EXERCISE DETAILS »
No pictures should appear in the copy; otherwise retype the entries exactly.

Segment Start: MATERIAL SUPPLIED

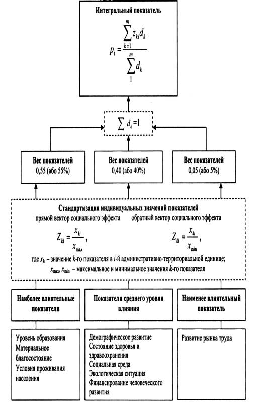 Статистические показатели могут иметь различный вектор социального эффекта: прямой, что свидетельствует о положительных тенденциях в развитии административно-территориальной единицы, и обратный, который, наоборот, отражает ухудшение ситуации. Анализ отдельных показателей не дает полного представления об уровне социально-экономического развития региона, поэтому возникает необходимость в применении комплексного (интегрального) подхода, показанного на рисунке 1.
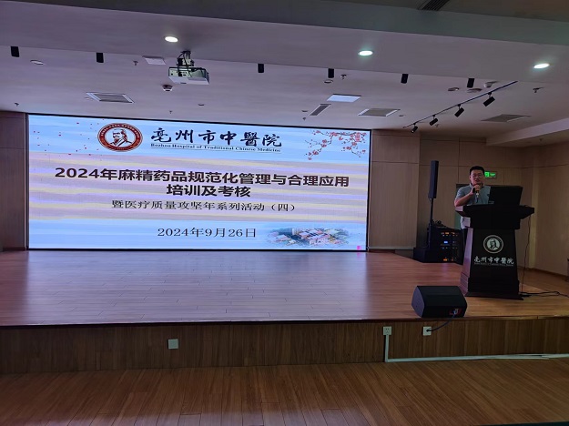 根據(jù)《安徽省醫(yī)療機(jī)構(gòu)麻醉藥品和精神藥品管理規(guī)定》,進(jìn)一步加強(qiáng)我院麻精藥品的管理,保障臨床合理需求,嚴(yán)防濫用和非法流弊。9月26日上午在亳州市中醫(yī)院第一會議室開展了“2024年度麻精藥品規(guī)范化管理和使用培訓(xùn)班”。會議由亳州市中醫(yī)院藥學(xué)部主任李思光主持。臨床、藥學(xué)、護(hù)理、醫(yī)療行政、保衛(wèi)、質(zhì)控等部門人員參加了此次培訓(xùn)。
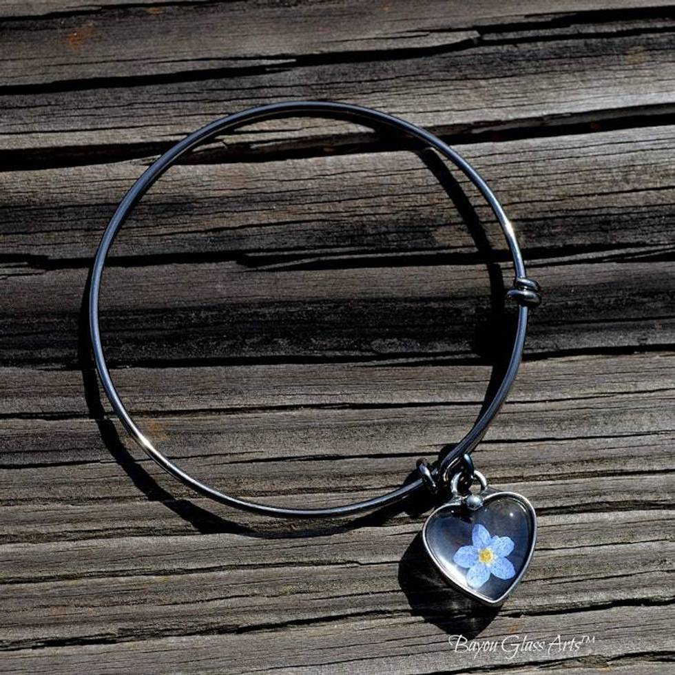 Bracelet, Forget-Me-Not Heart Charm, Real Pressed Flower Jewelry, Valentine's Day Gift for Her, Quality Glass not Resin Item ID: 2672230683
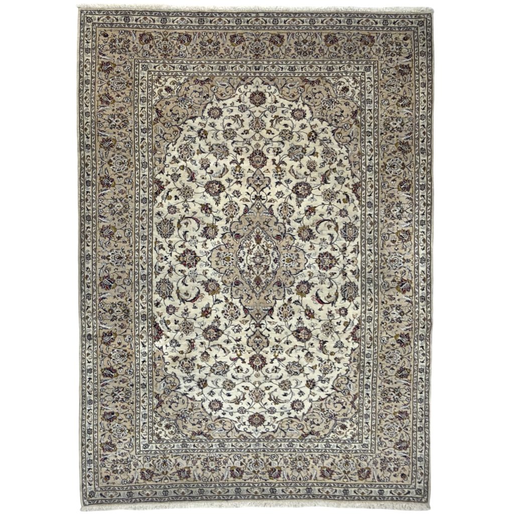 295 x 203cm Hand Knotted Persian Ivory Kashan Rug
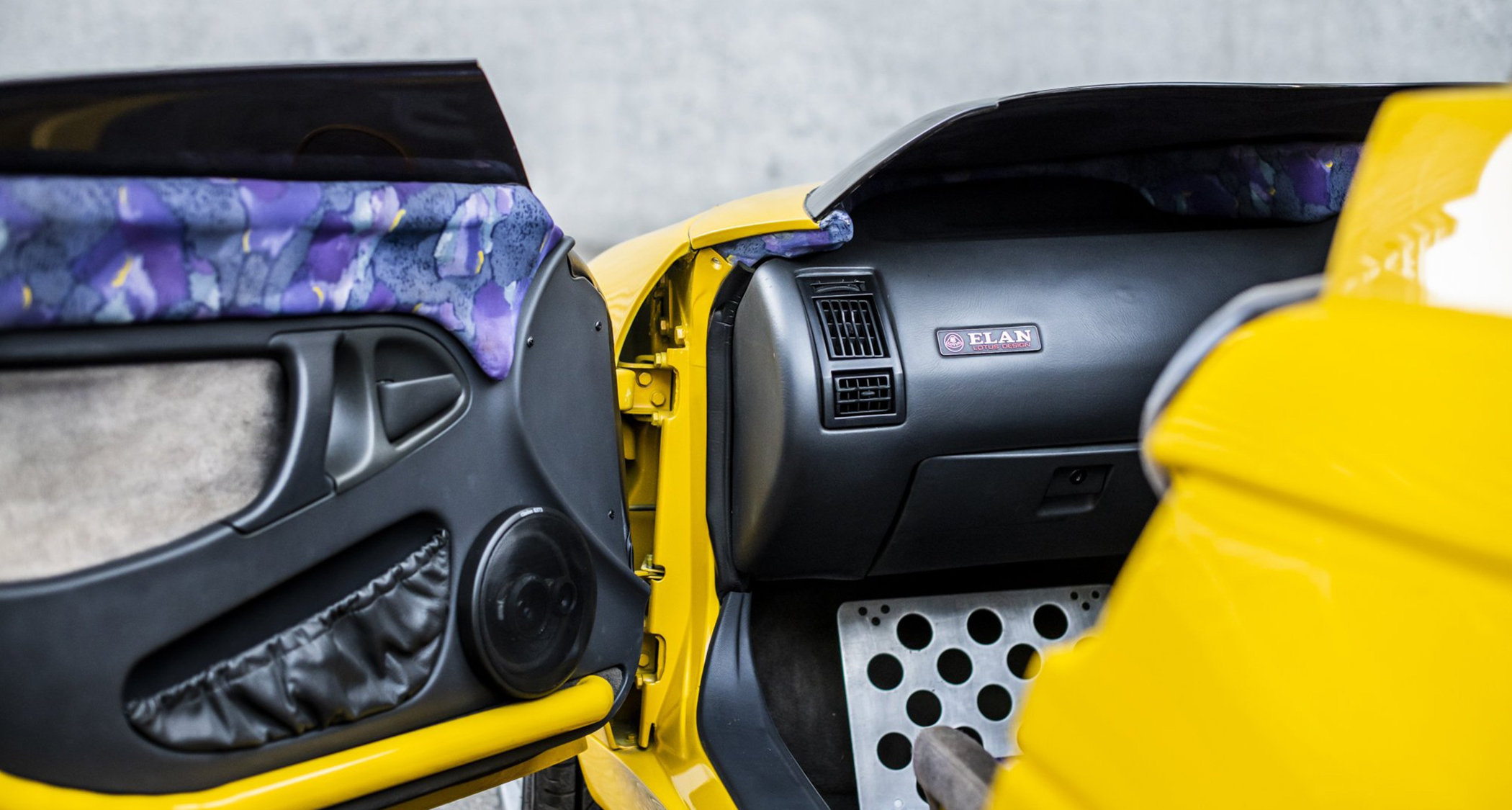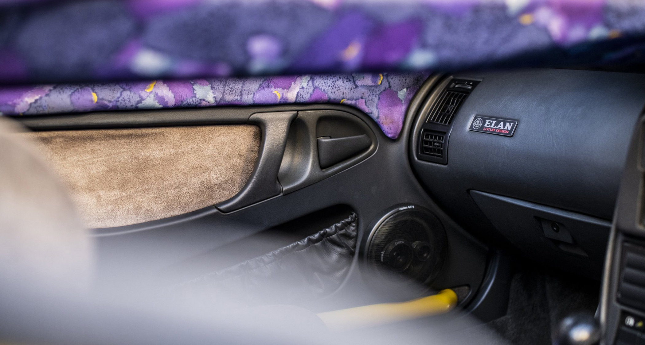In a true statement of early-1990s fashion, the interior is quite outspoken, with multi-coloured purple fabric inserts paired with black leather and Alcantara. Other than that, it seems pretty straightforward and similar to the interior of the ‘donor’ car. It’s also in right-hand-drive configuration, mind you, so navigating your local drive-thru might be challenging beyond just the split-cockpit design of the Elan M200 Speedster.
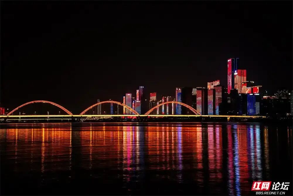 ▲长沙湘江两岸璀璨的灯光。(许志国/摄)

Segment End: MATERIAL SUPPLIED

THE COMPLETED TASK »
 Статистические показатели могут иметь различный вектор социального эффекта: прямой, что свидетельствует о положительных тенденциях в развитии административно-территориальной единицы, и обратный, который, наоборот, отражает ухудшение ситуации. Анализ отдельных показателей не дает полного представления об уровне социально-экономического развития региона, поэтому возникает необходимость в применении комплексного (интегрального) подхода, показанного на рисунке 1.
 根據(jù)《安徽省醫(yī)療機(jī)構(gòu)麻醉藥品和精神藥品管理規(guī)定》,進(jìn)一步加強(qiáng)我院麻精藥品的管理,保障臨床合理需求,嚴(yán)防濫用和非法流弊。9月26日上午在亳州市中醫(yī)院第一會議室開展了“2024年度麻精藥品規(guī)范化管理和使用培訓(xùn)班”。會議由亳州市中醫(yī)院藥學(xué)部主任李思光主持。臨床、藥學(xué)、護(hù)理、醫(yī)療行政、保衛(wèi)、質(zhì)控等部門人員參加了此次培訓(xùn)。
 Bracelet, Forget-Me-Not Heart Charm, Real Pressed Flower Jewelry, Valentine's Day Gift for Her, Quality Glass not Resin Item ID: 2672230683
 295 x 203cm Hand Knotted Persian Ivory Kashan Rug
In a true statement of early-1990s fashion, the interior is quite outspoken, with multi-coloured purple fabric inserts paired with black leather and Alcantara. Other than that, it seems pretty straightforward and similar to the interior of the ‘donor’ car. It’s also in right-hand-drive configuration, mind you, so navigating your local drive-thru might be challenging beyond just the split-cockpit design of the Elan M200 Speedster.
 ▲长沙湘江两岸璀璨的灯光。(许志国/摄)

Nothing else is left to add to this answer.